The source of the consideration used by Mr. Baum to acquire his interest in the Registrant was cash from his funds.

The primary basis of the "control" by Mr. Baum is stock ownership.

The principal terms of the stock purchase agreement were:

1. Mr. Falvo agreed to sell and Mr. Baum agreed to buy 15,000,000 shares of our common stock that were "restricted securities" of an "affiliate."

    2. The closing of the stock purchase agreement was subject to the satisfaction of the following:

  1. The purchase of the controlling shares by Mr. Baum at par value for a total of $15,000.
  1. The payment of $190,000 to reimburse Mr. Falvo for expenses paid on our behalf; and
  1. The delivery to Mr. Baum of written representations and warranties by our board of directors respecting various matters about us.
    Prior to the completion of the stock purchase agreement, we had 18,073,500 outstanding shares of common stock.

    A copy of the stock purchase agreement, including all material exhibits and related instruments, accompanies this current report, which, by this reference, is incorporated herein; the foregoing summary is modified in its entirety by such reference.

    (b)(i) To the knowledge of our management and based upon a review of the stock ledger maintained by our transfer agent and registrar, the following table sets forth the beneficial ownership of persons who owned more than five percent of our common stock prior to the closing of the stock purchase agreement, and the share holdings of the members of management based upon 18,073,500 outstanding shares:


 
 
 
Name and Address of Beneficial Owner
Number of Shares
Beneficially Owned
 
Percentage of Shares
Outstanding (1)



 
Pete Falvo (2)
c/o Trading Solutions.com, Inc.
2469 E. 7000 S., #214
Salt Lake City, Utah 84121
 
15,000,000     
 
 
82.9%
All current directors and executive officers as a group (none)
--
 
--%

(1) Includes shares of common stock subject to warrants currently exercisable or convertible within 60 days of December 20, 2003 are deemed outstanding for computing the percentage of the person holding such option or warrant but are not deemed outstanding for computing the percentage of any other person.
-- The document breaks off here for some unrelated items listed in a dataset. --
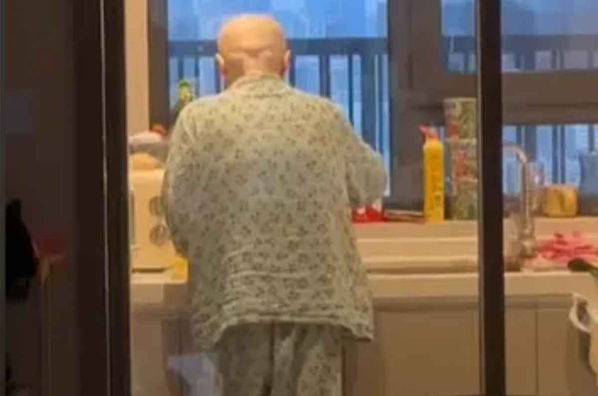 Khi video được quay, người con trai đang ở trong phòng khách. Anh không kìm được nước mắt khi chứng kiến cảnh mẹ nấu bữa ăn cuối cùng. “Sau khi nấu ăn xong, bà ấy rất khó thở và đã nghỉ một thời gian dài”.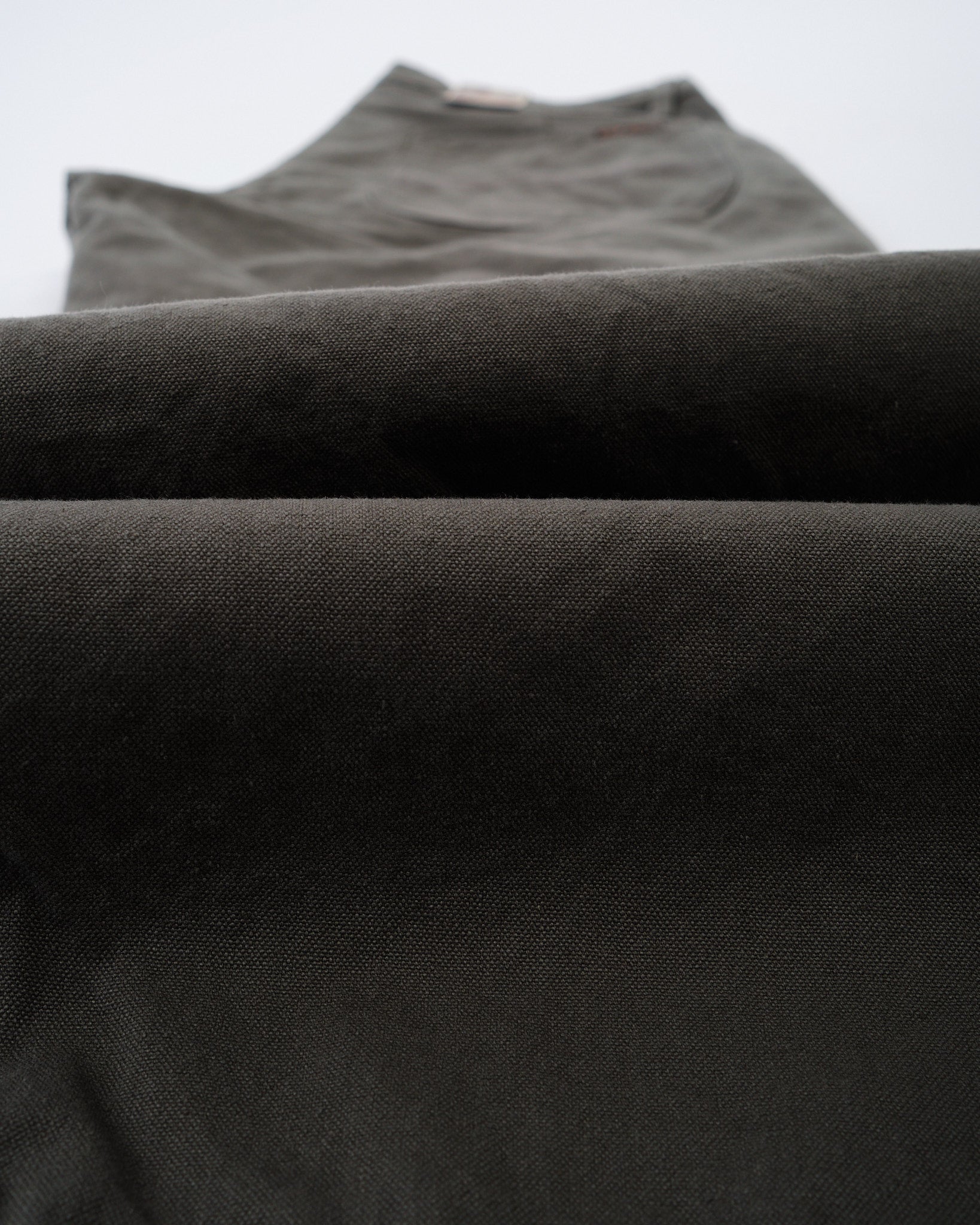 Fremstillet af Duck Canvas, et blegt granngrønt 2-lags canvasvæv, er dette stof en hyldest til arvshåndværk. Ved brug af uregelmæssige ring-spundne garner, der er tvundet til holdbare 2-lags tråde, er lærredet garnfarvet gennem en patenteret proces, hvilket sikrer en rig, udviklende patina. Den tæt vævede struktur skaber en fast, højt tekstureret overflade, der fejrer naturlige uregelmæssigheder samtidig med at tilbyde overlegen holdbarhed.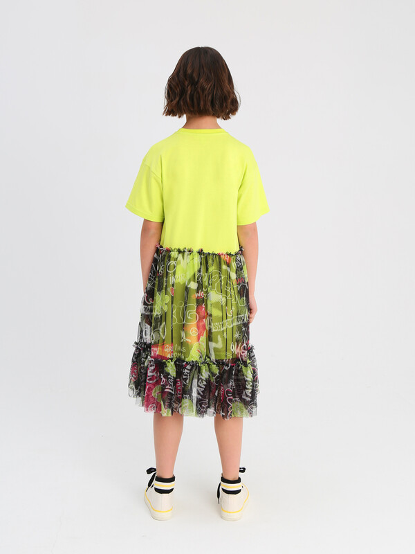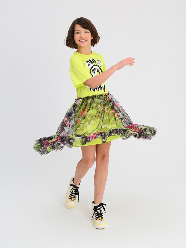 Модное платье-футболка с юбкой из сетки подойдет для ярких летних образов юной модницы. Нежная ткань из трикотажа приятно прилегает к телу, хорошо тянется и обладает высокой воздухопроницаемостью. Благодаря свободному крою оверсайз, платье отлично подойдет для активных игр ребенка и повседневных прогулок. Платье-футболка в спортивном стиле — это тренд, который актуален уже не первый сезон, а сетчатая юбка со стильным принтом сделает образ оригинальным.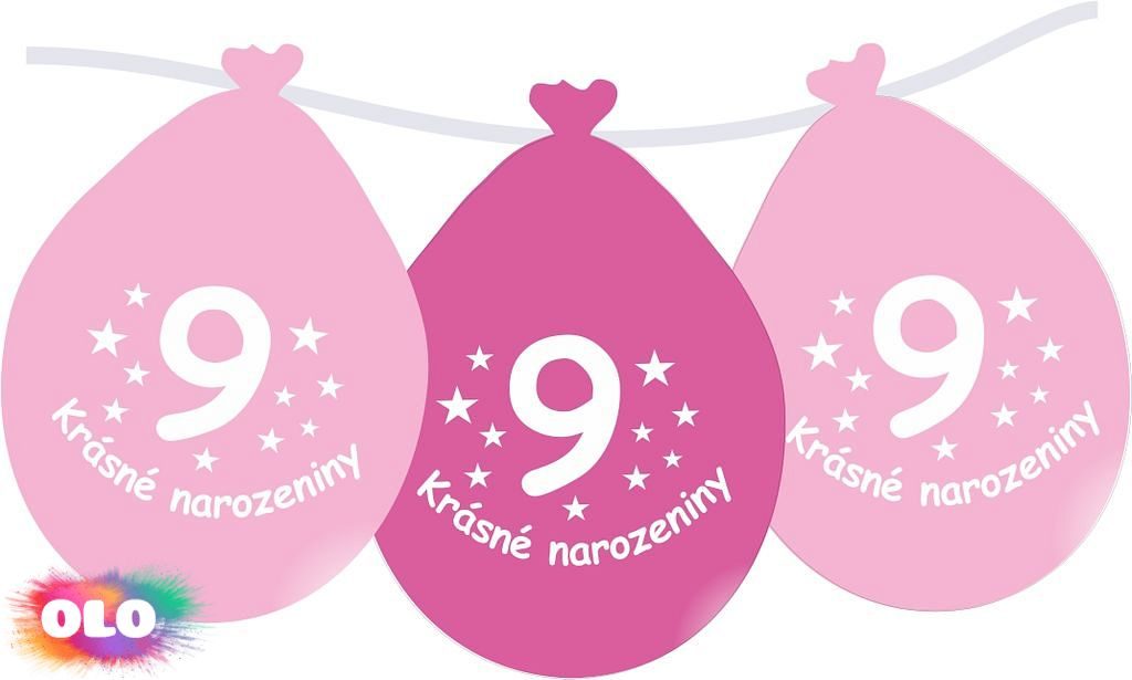 Balónek růžový KRÁSNÉ NAROZENINY číslo 9 visící - 5 ks Balonky barevné s potiskem číslovky - jednoduchá dekorace Vaší narozeninové párty. Pokud není Vámi požadované číslo v nabídce, můžete využít nabídku na mix balonků s univerzálním nápisem Krásné narozeniny anebo "Štastné narozeniny". Kromě obyčejných balonků s českým potiskem máme pro Vás v nabídce i foliové balónky s českým nápisem Krásné narozeniny. Pokud chcete, aby balónky létaly, můžete navštívit sekci Helium anebo Helium set a zde vybrat balení, které Vám bude vyhovovat.. Inspiraci pro Vaší dekoraci najdete na internetovém magazínu www.party-narozeniny.cz. Na narozeniny jsou dalším důležitým doplňkem "Dortové svíčky", popř. "Vystřelovací konfety" a "Dortové fontány". Mix 5 ks balónků, velikost B85 / 27cm /, objem 10l. Originální dekorací jsou balónky s jménem oslavence (latexové i foliové) anebo balonky s fotkou oslavence. Více informací získáte na emailu balonky@.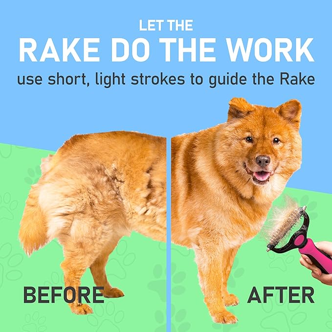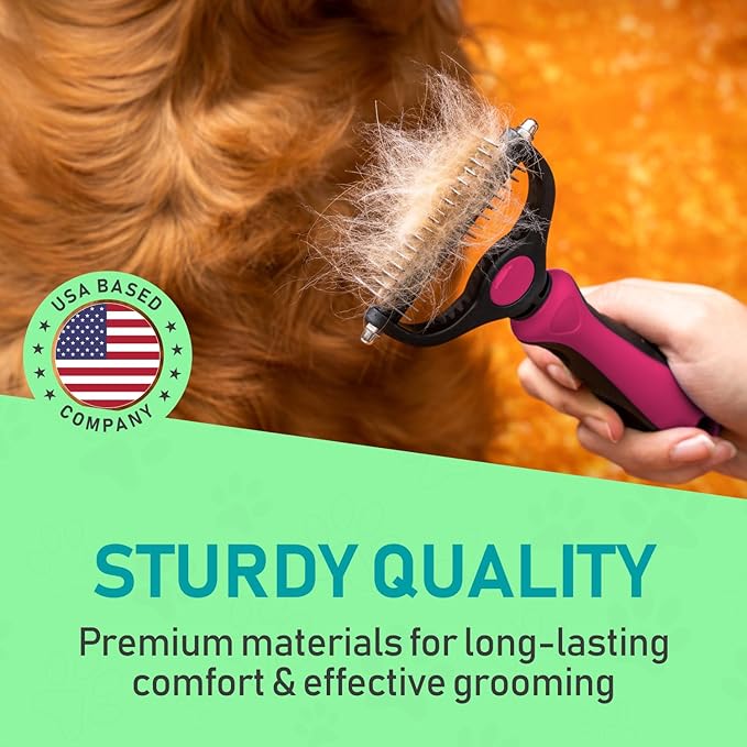 - EFFECTIVE DESHEDDING TOOL: Our dematting and deshedding tool gently removes loose hair and eliminates tangles, knots, dander, and trapped dirt. The perfect cat brush or dog grooming brush solution for pets with thick fur or dense double coats.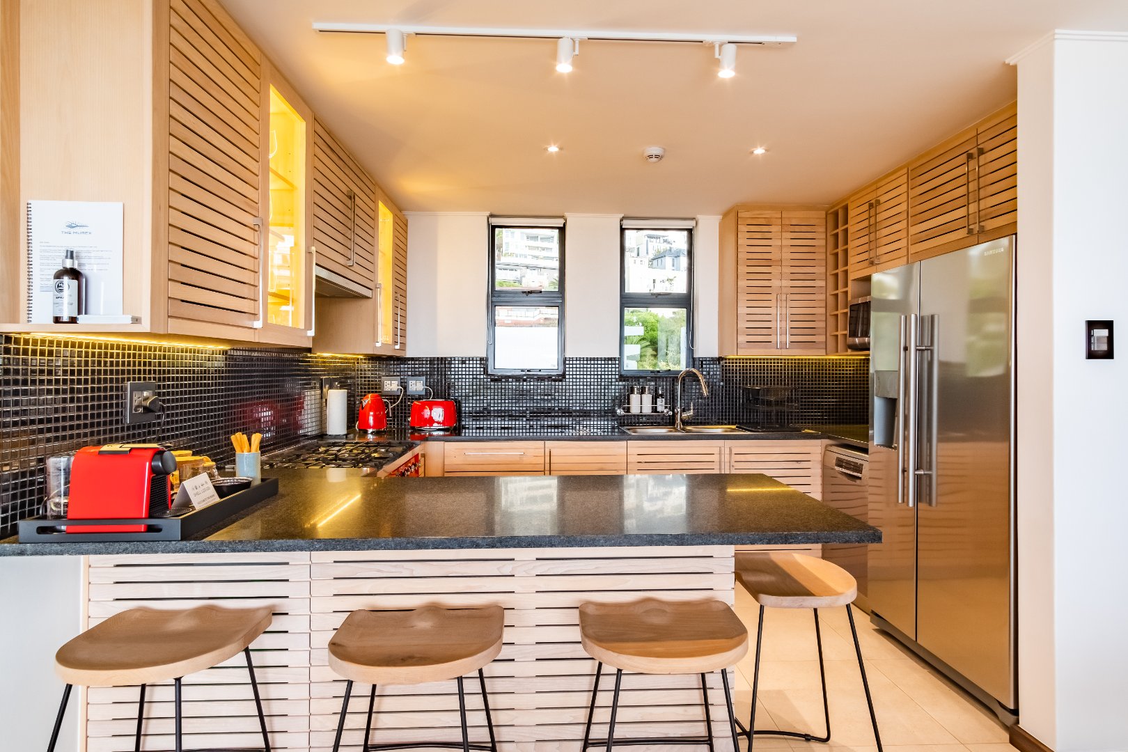 There is a 6-seater dining table in the apartment. Although breakfast is not served at The Murex, special arrangements can be made prior to arrival for a breakfast basket or the provision of a chef for breakfast/lunch or dinner at an additional cost. Alternatively, Sea Point hosts a variety of Restaurants within close proximity. There is also a fully equipped open plan kitchen in all apartments with tea/coffee facilities including a Nespresso machine, Smeg oven, kettle and toaster, dishwasher, dryer and washing machine. There is ample comfortable seating in the Lounge with DSTV and Netflix.
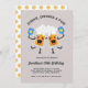Um convite divertido para a sua próxima festa de aniversário. Design apresenta dois amigos felizes com caneca de cerveja. Adicione o texto personalizado e os detalhes da festa. A parte de trás apresenta um padrão de bolas de picles. Excelente para uma festa de aniversário de piquenique adulta, reunião de fim de semana de picleball, partida ou diversão diária. Perfeito para aqueles que adoram beber e beber ou apenas divertir-se um pouco.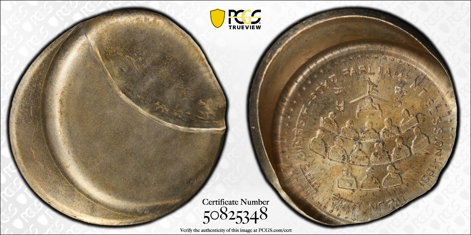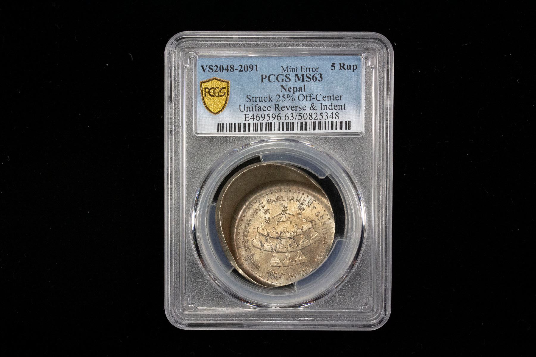 NEPAL: Birendra Bir Bikram, 1972-2001, 5 rupees, VS2048 (1991), KM-1062, Parliament Session, variety with the 5 beneath the R of Rs, struck 25% off center, uniface reverse and indentation, a lovely lustrous mint state example! PCGS graded MS63 Mint Error.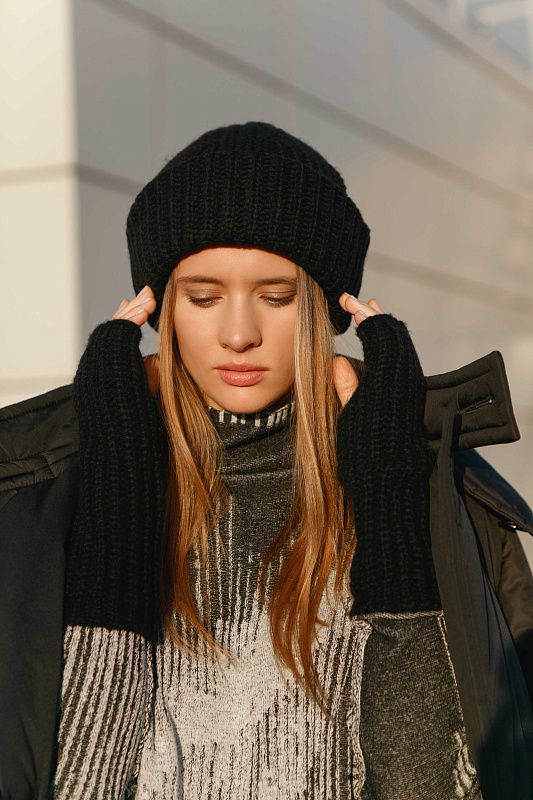 Цельновязанные митенки из пряжи нежнейшей шерсти бэби альпаки и тонкой шерсти мериноса,  выполненные ластичным переплетением. Теплый и уютный аксессуар, придающий образу завершенность или акцент.

(2) Officer and/or Director

(b)(ii) To the knowledge of our management and based upon a review of the stock ledger maintained by our transfer agent and registrar, the following table sets forth the beneficial ownership of persons who owned more than five percent of the Registrant's common stock following the closing of the stock purchase agreement, and the share holdings of the new members of management based upon 18,073,500 outstanding shares:

 
 
 
Name and Address of Beneficial Owner
Number of Shares
Beneficially Owned
 
Percentage of Shares
Outstanding (1)



 
Mark L. Baum (2)
249 South Highway 101, Suite 432
Solana Beach, California 92075
 
15,000,000     
 
 
82.9%
All current directors and executive officers as a group (1 person)
15,000,000
 
82.9%

(1) Includes shares of common stock subject to warrants currently exercisable or convertible within 60 days of December 20, 2003 are deemed outstanding for computing the percentage of the person holding such option or warrant but are not deemed outstanding for computing the percentage of any other person.

(2) Officer and/or Director

Item 2. Acquisition or Disposition of Assets.

(a) See Item 1.

The consideration exchanged under the stock purchase agreement was negotiated at "arms length," between the parties, with the consent of the board of directors. Our board of directors used the following criteria in evaluating whether to provide the representations and warranties required under the stock purchase agreement: Mr. Baum's personal background and experience; and the potential benefit to our stockholders. The board of directors determined that the purchase and sale was reasonable, under these circumstances, in its good faith judgment, and to our benefit and our remaining stockholders.

    Mr. Baum had no ownership interest in us prior to the closing of the stock purchase agreement.

(b) The Registrant’s Proposed Operations
 
We have no assets, liabilities or ongoing operations. Nevertheless, management believes that it may be able to recover some value for our shareholders by the adoption and implementation of a plan to seek, investigate and, if the results of such investigation warrant, effect a business combination with a suitable privately held company that has both business history and operating assets. Our potential success will be primarily dependent on the efforts and abilities of our new management, who will has virtually unlimited discretion in searching for, negotiating and entering into a business combination transaction.

Management believes that the selection of a business opportunity will be complex and extremely risky. Because of general economic conditions, rapid technological advances being made in some industries and shortages of available capital, our new management team believes that there are numerous privately held companies seeking the perceived benefits of becoming a publicly held corporation. Such perceived benefits may include facilitating debt financing or
improving the terms on which additional equity may be sought, providing liquidity for the principals of the business, creating a means for providing stock incentives or similar benefits to key employees, providing liquidity for all stockholders and other factors.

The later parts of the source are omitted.